Projects

Here are a couple of interesting projects I've worked on! More to come...



Reddit Comment Parser

Responsive image

Over the summer, I wrote a Reddit parser to parse through all comments to detect a certain link. The link is similar to a Rick Roll, or Darude Sandstorm for something a bit more modern, where the joke is purposely misleading the recipient. So the goal of the project was to detect when this reddit link is used to improperly direct someone. In short, the bot had to read through all new comments; detect when a certain link is used; check if the link text (human readable section) is misleading; and reply if so.

I did this in Python, because there was a nice library available: PRAW. PRAW handles most of the REST calls, allow us to deal directly with comment objects. By design, the PRAW API only returns a maximum of 100 comments at a time. Since it is assumed that this link can appear within any subreddit, this means we must constantly parse through the most recent comments and quickly decide what to do with each comment. Luckily, PRAW handles the API calls and will wait if we are making calls too frequently. Using regular expressions we can parse through each comment's text in a relatively quick manner.

That's all well and good, but we want to minimize the time of each loop to avoid missing comments. One way I have done so is by keeping a list of previously processed comments. To avoid the list becoming too big, I implemented a queue with over 100 elements. When the queue is full, the oldest element is deleted. If the queue is less than or equal to 100- the number of comments that PRAW can pull in one go- AND the list of comments is the same between runs, the queue will have deleted a repeated comment by the time we have reached it. This will result in the program processing a repeated comment again.

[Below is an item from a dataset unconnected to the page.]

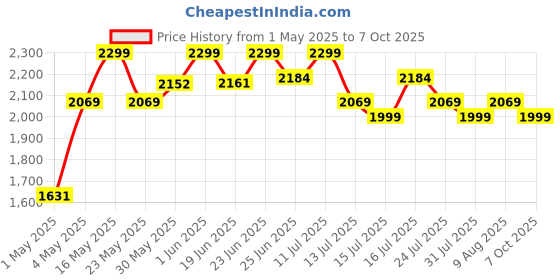 The current price is ₹1,999, which is ₹368 (22.6%) higher than the best price of ₹1,631 last seen on 1 May 2025. Over the 159 day price history period, prices have ranged from ₹1,631 to ₹2,299, with an average of ₹2,109. The pricing shows moderate volatility, but the overall trend is concerning as prices are getting more expensive. In terms of recent activity, there have been 0 price changes this week, 0 this month, and 16 over the past year. If you need this product now, it's a reasonable time to buy as prices are stable, but you might want to monitor for potential better deals.

After all processing, we have to send a reply to the comments that need it. To not completely spoil the fun, I decided to wait 5 minutes before sending a response. This is done by working with the asynchronous IO library or asyncio for short. This library can get very complicated, but all I am using it for is a nonblocking wait period. It might be interesting to take a further look into the asyncio library, since before I was using threading options instead.